# [PROVIDED INFORMATION]
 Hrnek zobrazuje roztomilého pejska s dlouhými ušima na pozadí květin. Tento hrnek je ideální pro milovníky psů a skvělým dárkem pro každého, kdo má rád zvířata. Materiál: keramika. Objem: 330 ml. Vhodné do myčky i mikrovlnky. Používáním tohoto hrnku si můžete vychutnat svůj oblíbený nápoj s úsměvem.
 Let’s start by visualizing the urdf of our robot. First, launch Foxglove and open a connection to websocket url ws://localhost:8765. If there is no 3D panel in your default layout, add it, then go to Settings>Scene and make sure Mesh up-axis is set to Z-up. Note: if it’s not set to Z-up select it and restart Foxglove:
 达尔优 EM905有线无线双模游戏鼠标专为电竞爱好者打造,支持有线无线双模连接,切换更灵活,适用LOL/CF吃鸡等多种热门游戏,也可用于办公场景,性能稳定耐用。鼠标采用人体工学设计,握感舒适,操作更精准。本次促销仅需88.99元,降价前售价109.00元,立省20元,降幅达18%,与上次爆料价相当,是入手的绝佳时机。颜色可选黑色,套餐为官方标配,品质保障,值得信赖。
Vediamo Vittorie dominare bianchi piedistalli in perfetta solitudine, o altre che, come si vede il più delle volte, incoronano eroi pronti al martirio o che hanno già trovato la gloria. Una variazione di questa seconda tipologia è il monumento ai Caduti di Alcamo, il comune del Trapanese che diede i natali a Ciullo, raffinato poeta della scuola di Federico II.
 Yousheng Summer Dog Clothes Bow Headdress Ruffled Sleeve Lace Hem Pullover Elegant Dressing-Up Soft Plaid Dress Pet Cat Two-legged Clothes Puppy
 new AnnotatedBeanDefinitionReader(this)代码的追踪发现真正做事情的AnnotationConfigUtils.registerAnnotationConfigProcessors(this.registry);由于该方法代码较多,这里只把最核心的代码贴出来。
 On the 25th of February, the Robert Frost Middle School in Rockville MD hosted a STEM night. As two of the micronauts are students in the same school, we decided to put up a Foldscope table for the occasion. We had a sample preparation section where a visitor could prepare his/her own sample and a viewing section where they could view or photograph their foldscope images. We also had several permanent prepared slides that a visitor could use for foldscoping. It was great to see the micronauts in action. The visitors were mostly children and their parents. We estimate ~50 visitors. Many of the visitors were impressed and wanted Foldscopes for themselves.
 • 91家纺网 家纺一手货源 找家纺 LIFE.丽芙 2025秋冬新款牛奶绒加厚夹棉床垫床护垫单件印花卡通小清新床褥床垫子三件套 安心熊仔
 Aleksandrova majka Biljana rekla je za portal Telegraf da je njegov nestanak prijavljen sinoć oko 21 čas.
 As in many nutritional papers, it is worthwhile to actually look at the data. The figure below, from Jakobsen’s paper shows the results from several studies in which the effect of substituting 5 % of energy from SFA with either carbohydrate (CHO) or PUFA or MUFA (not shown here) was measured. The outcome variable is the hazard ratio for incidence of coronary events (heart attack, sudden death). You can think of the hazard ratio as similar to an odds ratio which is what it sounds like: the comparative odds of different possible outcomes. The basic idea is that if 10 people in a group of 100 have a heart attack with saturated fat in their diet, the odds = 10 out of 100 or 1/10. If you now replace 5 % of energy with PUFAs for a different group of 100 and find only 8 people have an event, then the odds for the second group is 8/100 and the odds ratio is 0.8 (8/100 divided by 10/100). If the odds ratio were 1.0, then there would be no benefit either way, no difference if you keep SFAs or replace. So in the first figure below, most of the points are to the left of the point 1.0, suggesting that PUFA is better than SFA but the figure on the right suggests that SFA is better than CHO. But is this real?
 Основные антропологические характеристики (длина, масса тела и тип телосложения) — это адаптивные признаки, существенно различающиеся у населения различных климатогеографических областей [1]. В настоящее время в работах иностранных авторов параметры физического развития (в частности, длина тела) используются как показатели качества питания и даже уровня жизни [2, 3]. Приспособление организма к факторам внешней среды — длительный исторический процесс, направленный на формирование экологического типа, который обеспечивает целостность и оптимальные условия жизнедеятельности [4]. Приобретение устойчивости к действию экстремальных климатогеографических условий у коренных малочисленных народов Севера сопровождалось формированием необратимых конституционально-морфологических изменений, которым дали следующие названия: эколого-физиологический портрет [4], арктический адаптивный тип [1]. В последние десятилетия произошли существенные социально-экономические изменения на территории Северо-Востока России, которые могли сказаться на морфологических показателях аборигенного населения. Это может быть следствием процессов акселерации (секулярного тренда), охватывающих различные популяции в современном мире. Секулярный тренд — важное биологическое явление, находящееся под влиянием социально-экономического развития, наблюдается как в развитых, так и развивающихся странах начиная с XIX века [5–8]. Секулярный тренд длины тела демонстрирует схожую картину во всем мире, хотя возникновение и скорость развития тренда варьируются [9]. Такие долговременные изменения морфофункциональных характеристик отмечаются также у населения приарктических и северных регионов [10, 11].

# [WHAT IS EXPECTED]
The response must consist solely of the lines from the first line of the entries through the line containing "new AnnotatedB", repeated exactly.

# [THE ANSWER]
 Hrnek zobrazuje roztomilého pejska s dlouhými ušima na pozadí květin. Tento hrnek je ideální pro milovníky psů a skvělým dárkem pro každého, kdo má rád zvířata. Materiál: keramika. Objem: 330 ml. Vhodné do myčky i mikrovlnky. Používáním tohoto hrnku si můžete vychutnat svůj oblíbený nápoj s úsměvem.
 Let’s start by visualizing the urdf of our robot. First, launch Foxglove and open a connection to websocket url ws://localhost:8765. If there is no 3D panel in your default layout, add it, then go to Settings>Scene and make sure Mesh up-axis is set to Z-up. Note: if it’s not set to Z-up select it and restart Foxglove:
 达尔优 EM905有线无线双模游戏鼠标专为电竞爱好者打造,支持有线无线双模连接,切换更灵活,适用LOL/CF吃鸡等多种热门游戏,也可用于办公场景,性能稳定耐用。鼠标采用人体工学设计,握感舒适,操作更精准。本次促销仅需88.99元,降价前售价109.00元,立省20元,降幅达18%,与上次爆料价相当,是入手的绝佳时机。颜色可选黑色,套餐为官方标配,品质保障,值得信赖。
Vediamo Vittorie dominare bianchi piedistalli in perfetta solitudine, o altre che, come si vede il più delle volte, incoronano eroi pronti al martirio o che hanno già trovato la gloria. Una variazione di questa seconda tipologia è il monumento ai Caduti di Alcamo, il comune del Trapanese che diede i natali a Ciullo, raffinato poeta della scuola di Federico II.
 Yousheng Summer Dog Clothes Bow Headdress Ruffled Sleeve Lace Hem Pullover Elegant Dressing-Up Soft Plaid Dress Pet Cat Two-legged Clothes Puppy
 new AnnotatedBeanDefinitionReader(this)代码的追踪发现真正做事情的AnnotationConfigUtils.registerAnnotationConfigProcessors(this.registry);由于该方法代码较多,这里只把最核心的代码贴出来。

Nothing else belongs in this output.